A second group at the Capitol were the 500 or so students and parents with the Georgia Families for Public Virtual Education. Most of the students are among the 8,500 enrolled in the Georgia Cyber Academy from across the state. A second online school is already in operation, and two more will be in the fall, all public schools getting tax funds from the state.
The groups are lobbying for funding closer to the amount traditional, brick-and-motar schools get for each of their students, typically around $9,000 yearly. The two existing virtual schools get $3,400 per student today.
The state’s Charter School Commission recently concluded the online schools should get $5,800 per student, but then the House of Representatives passed a budget for next year setting the figure at $5,200. While the House amount would be a boost, the parents are pushing for the full figure set by the commission.
“The big thing to do today is to make sure our families are aware of what’s going on with the funding so we can make try to stay as close to that $5,800 mark as possible,” said Renee Lord, president of the Georgia Families.
Now that the House has finished with the budget, it’s in the hands of the Senate. One Senate leader spoke to both groups Monday who didn’t need any convincing.
Senate Majority Leader Chip Rogers said parents need to be able to choose from public and private schools to find the right setting for each child’s unique skills and challenges.

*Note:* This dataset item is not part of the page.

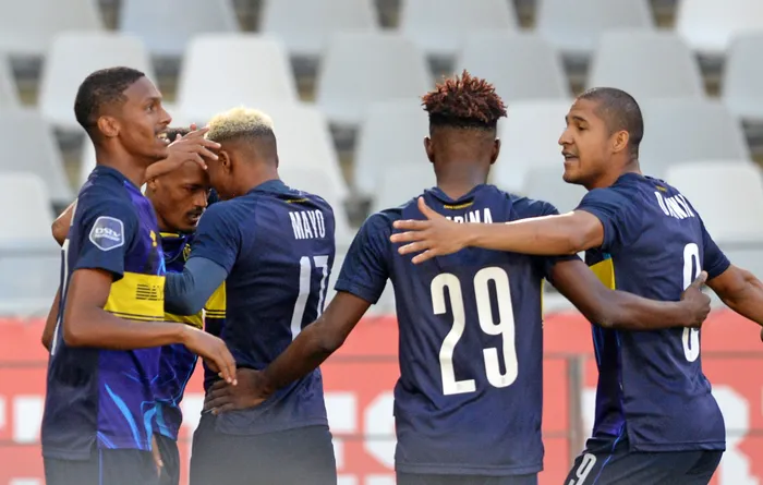 Cape Town City players celebrate a goal scored by Craig Martin during their DStv Premiership game against Sekhukhune United at Cape Town Stadium on Saturday Cape Town City players celebrate a goal scored by Craig Martin during their DStv Premiership game against Sekhukhune United at Cape Town Stadium on Saturday. Picture: Ryan Wilkisky, BackpagePix

“In this state, too often we have to make excuses about things in education that aren’t working,” said Rogers, R-Woodstock. “This is something that is working.”
Rogers is the sponsor of Senate Bill 87 that would provide vouchers for private-school tuition to the foster children and military dependents. It would expand a program that makes those vouchers available to handicapped students.
He tabled his bill last week when he concluded he didn’t have enough votes to pass it.
He didn’t mention how the Senate leadership will deal with the funding issue for the virtual schools. The Senate Appropriations Committee expects to spend another two weeks on the budget before it has a version for the full Senate to consider.